Воспоминания Георгия Иванова – это воспоминания, прежде всего, о людях. Но люди у него не являются, не возвращаются, они стремительно несутся в бесконечно пестром хороводе, который возникает из ничего и в ничто уносятся, не остановленный никаким смыслом. Его воспоминания слишком художественны, так же, как проза его мемуарна. Здесь собран круг особых лиц, завсегдатаев, которых встречаешь и легко разгадываешь, как знакомых: княжна В.Гедрейц, Паллада Богданова-Бельская, В.Шилейко.

Настроение мемуаров резко меняется. СТРАШНО: «Александр Иванович», «Магический опыт», «Чекист-пушкинист». СМЕШНО: «Китайские тени». ОДИНОКО: «Фарфор». ОТВРАТИТЕЛЬНО: «Чекист-пушкинист». Нередко появляется ощущение некой мавзолейности: «Магический опыт», «Человек в рединготе», «Анатолий Серебряный», «Александр Иванович», «Мертвая голова». То и дело попадается слово «египетский», являясь, возможно, единственным мемуарным штрихом. Прочее же – из области художественного вымысла.

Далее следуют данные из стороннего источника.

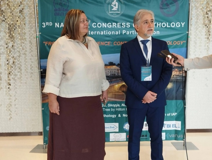 -На третиот по ред национален конгрес за патологија со интернационално учество имаме повеќе од 160 учесници. Тука учествуваат сите патолози од земјава, потоа патолози од регионот, како и предавачи од САД, Канада, Шпанија, Австрија, како истакнати експерти од нивната област. Со овој настан ќе се актуелизира патологијата и ќе овозможи унапредување на оваа дијагностичка област од медицината која што реално е круцијална за развој на останатите гранки во медицината и за она што сите ние се бориме, а тоа е развој на персонизирана медицина. На конференцијата застапени се теми од областа на меко ткивни тумори, уропатологија, гинеколошка и дерматопатологија, истакна Јовановиќ.

Легко и комично, неотвратимо-гибельно и безнадежно – всё крайние, перекореженные, доведенные до абсурдной яркости, чувства – маскарадные, фарсовые. Но когда фарс переходит в открытую, сюжетную, трагедию, его можно назвать художественной прозой («Любовь бессмертна», «Веселый бал»). Здесь нет уже литературных героев и имен, есть реальный князь М., реальный Гумилев.

Острота и точность Иванова происходит от его авторской позиции: он всегда на стороне рассказчика, всегда знаком с теми, о ком пишет. С другой стороны, все его подлецы и жертвы, бездарности и безумные гении, мародеры, скоты, мечтатели, все запутавшиеся и уставшие – все они здесь, в нашем времени, в нашем, уже другом, веке, все они – вовремя вернувшаяся современность. Жанрово мало что изменилось. Мы по-прежнему на карнавале.

Иванов – не поэт и не прозаик, с этой точки зрения его произведения никак нельзя классифицировать. Его воспоминания – не мемуарны (то есть, они не открывают правду прошлого), но литературны; это самый центр литературы, самая ее суть, и во многом благодаря уникальной, только им присущей стилистике беспорядка.

Нельзя сказать, что воспоминания Иванова объективны и сколько-нибудь историчны. Его взгляд обывательски предвзят, до крайности субъективен, хотя он и претендует на роль наблюдателя – и от этого жаден, правдив и точен.

Портреты его подробны и выразительно виртуозны. «А министр этот к тому же был не «обыкновенным» министром, а знаменитостью – «столпом реакции» или «оплотом престола» - в зависимости от точки зрения… В частной жизни – замечу, кстати, - этот громовержец выглядел уютным, добродушным стариком». Иванов с самого начала закрепляет за собой право на собственную, независимую точку зрения. Рисуя портрет, он тут же оговаривается, что у портрета есть еще и изнанка, обратная, скрытая от большинства, но доступная ему, автору, сторона. Он не претендует на видение картины в целом, но часть, им рассмотренная, увидена им до самого ее замысла. Его постоянно обвиняют в тенденциозности, в расшатанности взгляда, в привирании рад эффекта, иногда – во лжи. «Именно таким он был. Ни одного слова о Мандельштаме я не выдумывал – зачем же выдумывать комическое о человеке, который сам, каждым своим движением, каждым шагом «сыпал» вокруг чудаковатость, странность, неправдоподобное, комическое… не хуже какого-нибудь Чаплина, - оставаясь при этом в каждом движении, в каждом шаге «ангелом», ребенком, «поэтом Божьей милостью» в самом чистом и «беспримесном» виде». Воспоминания Иванова карнавальны и одновременно правдивы, а жизнь дает ему столько материала, сколько можно срисовать, не задохнувшись от смены лиц, красок, языков, нарядов.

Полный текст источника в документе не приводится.